Data extract Block Start
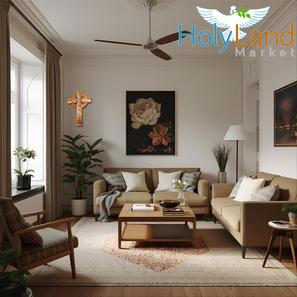 Experience the beauty, history, and spiritual strength of the Holy Land with this handmade 10-inch Celtic Wall Crucifix from Holy Land Market. Carefully carved from genuine Bethlehem olive wood, this crucifix brings together two powerful Christian traditionsâthe protective Saint Benedict Medal and the ancient Celtic Cross.
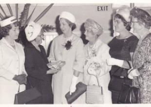 L- R: Mrs Frank Burgon, ?, Mrs Vi Mc Coll (Winner), ?, Mrs Marj Brogan, ?
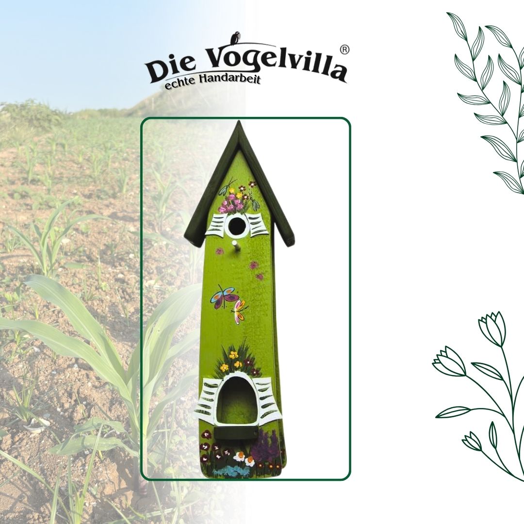 1. Kombiniertes Vogelhaus „Minivilla 2 – Gartenzauber“ (Kiwigrün)
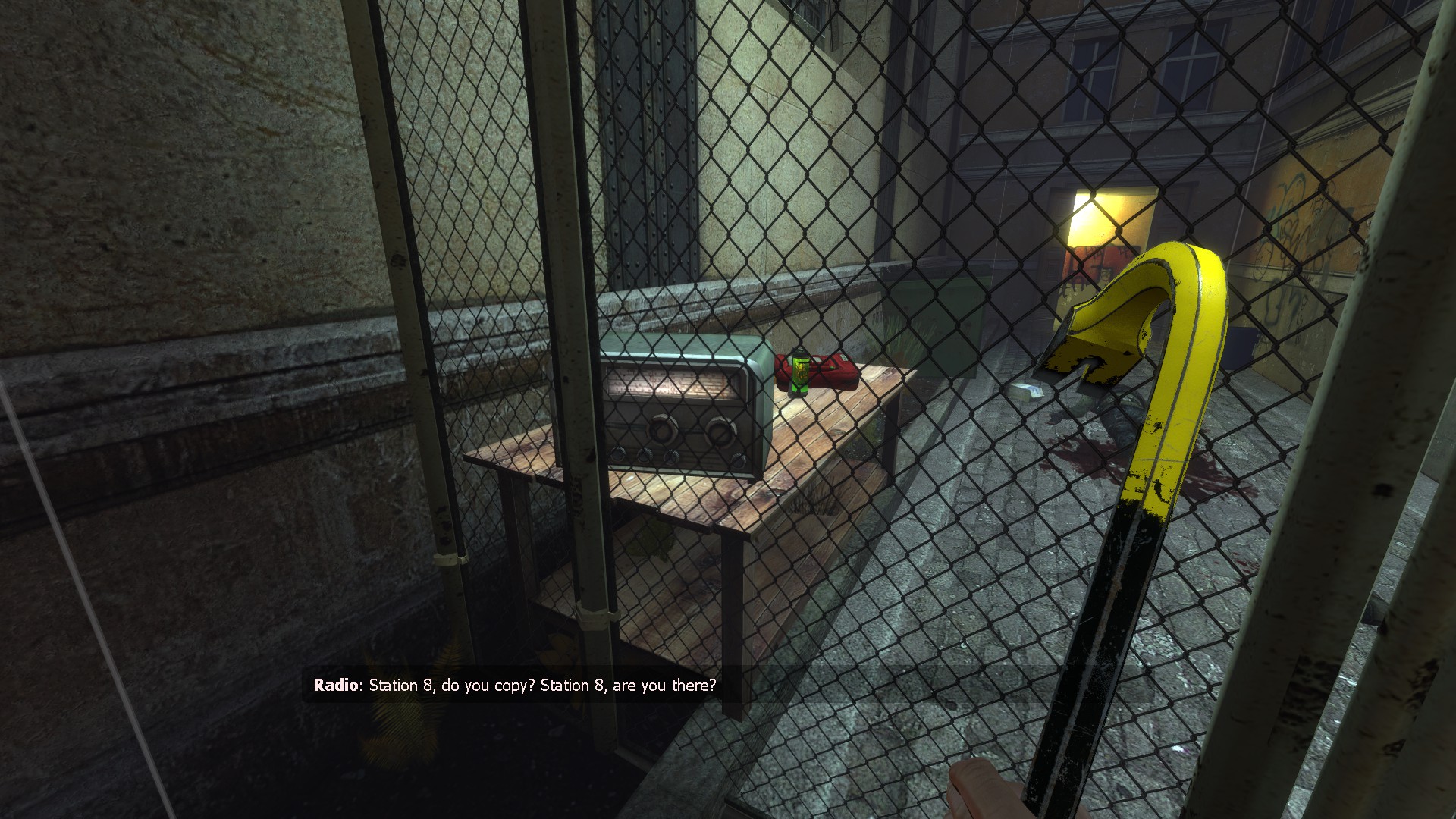 Après la dernière hallucination, la grille est ouverte avec des caisses bloquant l'accès à la prison.
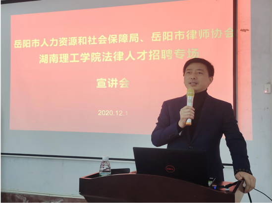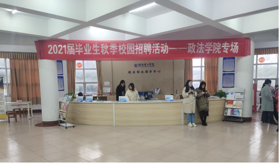 为给2021届法学专业毕业生提供更多就业机会,促进毕业生顺利就业,2020年12月1日下午,政MK体育联合岳阳市人力资源和社会保障局、岳阳市律师协会在公司综合楼三楼329室举办mksport体育首届法律人才专场招聘会。来自湖南金州(岳阳)律师事务所等十四家律师事务所来到公司招纳贤才,政MK体育、南湖公司2021届法学专业本科生近百人参加了招聘会,不少同学在招聘会现场达成初步就业意向。
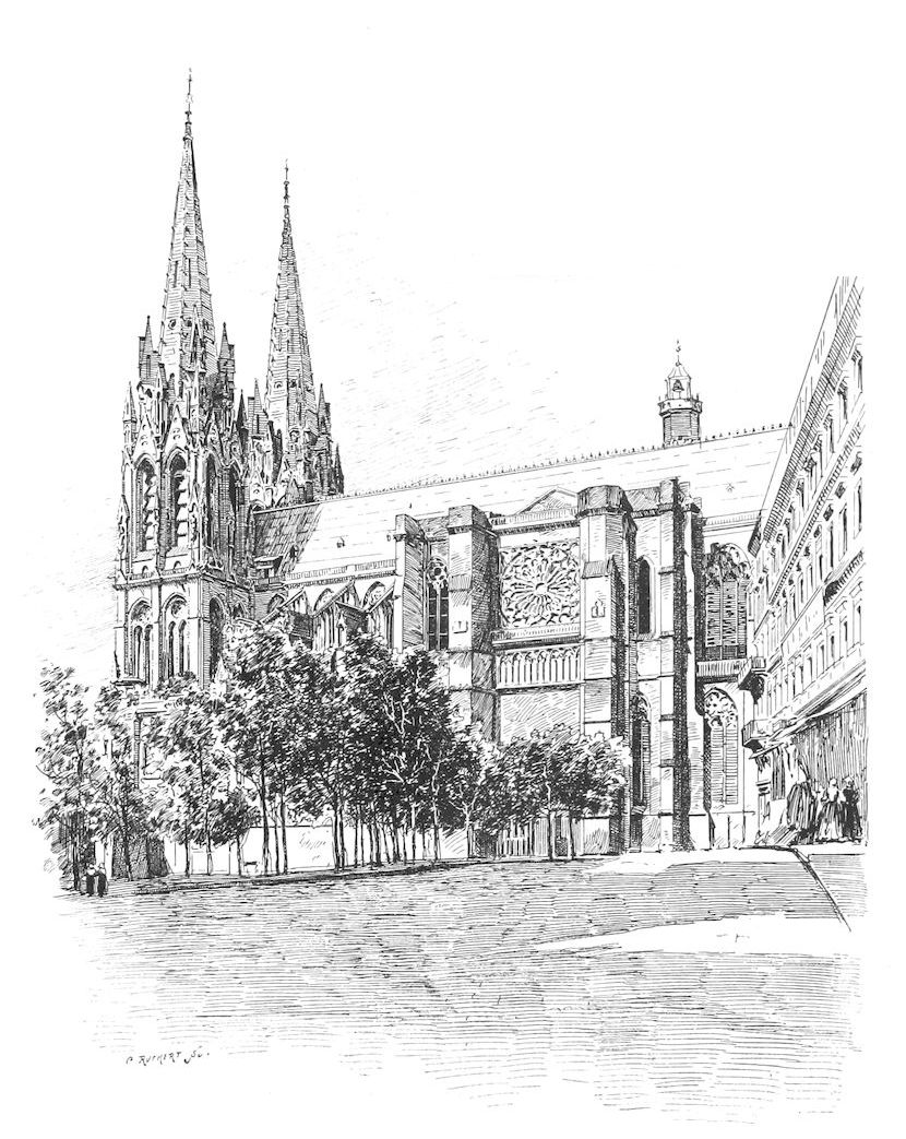 Certes, l’effet n’est pas banal de la façade blanche et rouge, avec son portail aux colonnes de porphyre, au bout du long escalier qui, partant de la pente dure de la rue des Tables, bifurque sur les côtés, mais donne toujours l’illusion qu’il s’enfonce dans l’église, comme jadis où il pénétrait jusqu’au centre: ce qui faisait dire «que l’on entrait à Notre-Dame par le nombril, et que l’on en sortait par les oreilles».
Data extract Block End
• _Problem statement_:
The result should be a verbatim copy of the data, free of pictures.

• _Answer box_:
 Experience the beauty, history, and spiritual strength of the Holy Land with this handmade 10-inch Celtic Wall Crucifix from Holy Land Market. Carefully carved from genuine Bethlehem olive wood, this crucifix brings together two powerful Christian traditionsâthe protective Saint Benedict Medal and the ancient Celtic Cross.
 L- R: Mrs Frank Burgon, ?, Mrs Vi Mc Coll (Winner), ?, Mrs Marj Brogan, ?
 1. Kombiniertes Vogelhaus „Minivilla 2 – Gartenzauber“ (Kiwigrün)
 Après la dernière hallucination, la grille est ouverte avec des caisses bloquant l'accès à la prison.
 为给2021届法学专业毕业生提供更多就业机会,促进毕业生顺利就业,2020年12月1日下午,政MK体育联合岳阳市人力资源和社会保障局、岳阳市律师协会在公司综合楼三楼329室举办mksport体育首届法律人才专场招聘会。来自湖南金州(岳阳)律师事务所等十四家律师事务所来到公司招纳贤才,政MK体育、南湖公司2021届法学专业本科生近百人参加了招聘会,不少同学在招聘会现场达成初步就业意向。
 Certes, l’effet n’est pas banal de la façade blanche et rouge, avec son portail aux colonnes de porphyre, au bout du long escalier qui, partant de la pente dure de la rue des Tables, bifurque sur les côtés, mais donne toujours l’illusion qu’il s’enfonce dans l’église, comme jadis où il pénétrait jusqu’au centre: ce qui faisait dire «que l’on entrait à Notre-Dame par le nombril, et que l’on en sortait par les oreilles».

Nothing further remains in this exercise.